Sharipov holds the high ground in the latest ISS crew standoff since he currently occupies the only way off the ship. However, Chiao is in a good bargining position with Pop Tart in hand. It is widely anticipated that he intends to use the Pop Tart to lure Sharipov out of the capsule, most likely in order to subdue him with the iron bar and possibly prepare him for consumption over the next three weeks. Outside observers question if actions of the ISS crew are driven more by hunger or oxygen deprivation. NASA called for an immediate inventory of oxygen levels on the station and will review the findings sometime in January.

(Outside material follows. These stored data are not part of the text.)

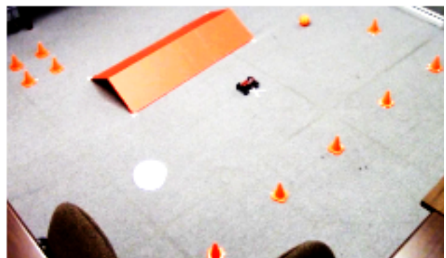
Figure 1: Remote control car in the experimental set up

The six chosen maneuvers are divided into categories based on verb type. Below is the list of each maneuver with their description and predetermined error criteria. These six maneuvers were chosen out of 16 pilot tested maneuvers to limit participant fatigue. Though categorized by path, manner, or combination for design purposes, these categories were not identified for the participants.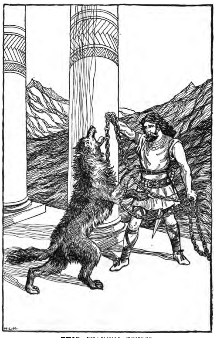
THOR CHAINING FENRIR.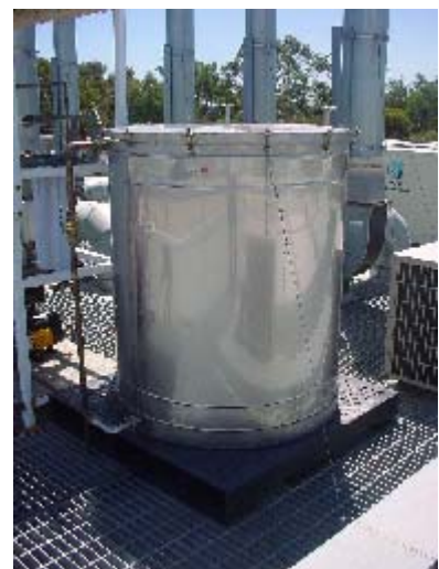
Header tank on roof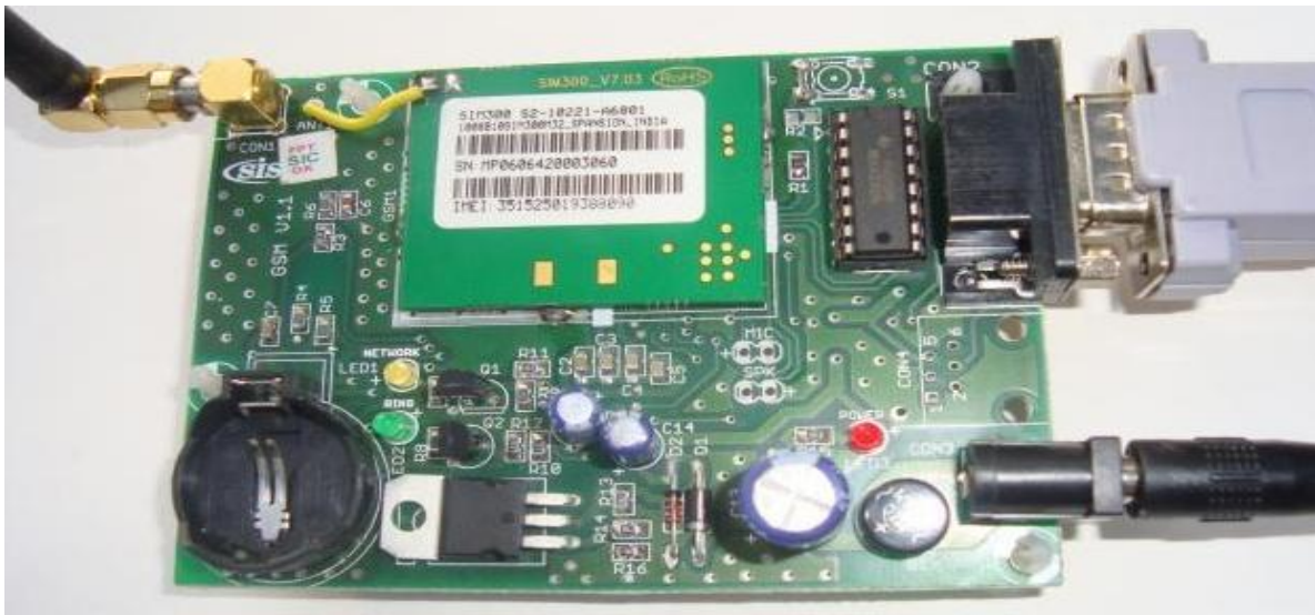
Figure 1: GSM Module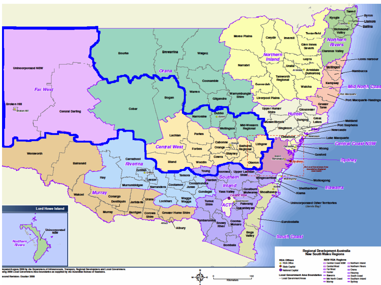
Figure 1 Central western NSW 4

1.24 The Committee has purposefully taken a broad view of what constitutes ‘central western NSW’ in order to undertake a thorough examination of the issues impacting on regional and rural communities across the area of inquiry. We appreciate that in taking this broad view, our area of inquiry encompasses communities that are facing a range of issues, some of which are held in common and others which are unique to specific areas.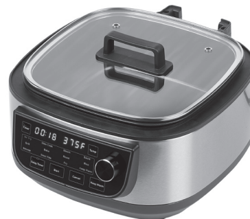
Using the Glass Lid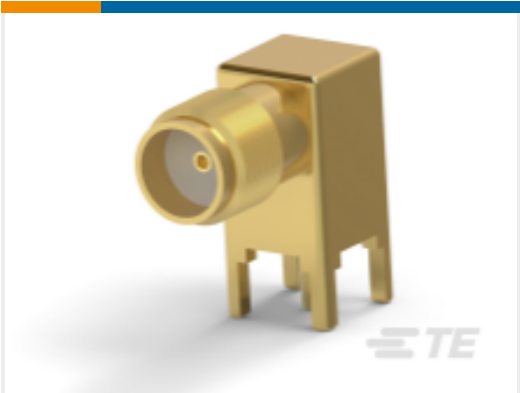
TE Part #5-1814400-2 SMA R/A PCB Skt GZD

2MM PITCH HPI POST HEADER, VERTICAL, 10P

In a related story, ABC is currently in negotiations with NASA to provide continuous coverage of the next three weeks on the ISS in a new reality show to be called International Space Station Survivor (ISSS). This show is just the latest in a series of collaborative efforts between Washington and Hollywood designed to generate revenue and offset a steadily increasing budget deficit. Plans for a reality show hosted by Donald Rumsfeld entitled, Unarmored Humvee have been shelved, at least temporarily, after Rumsfeld was recently outmaneuvered by a contestant. "Rumsfeld is about one bad press conference away from being Soylent Green. The test audiences obviously didn't receive the pilot episode very well, so we're moving ahead with another reality show with potentially wider appeal," an unnamed ABC spokesman said Friday. Dude, Where's My Social Security? is slated to start in the spring.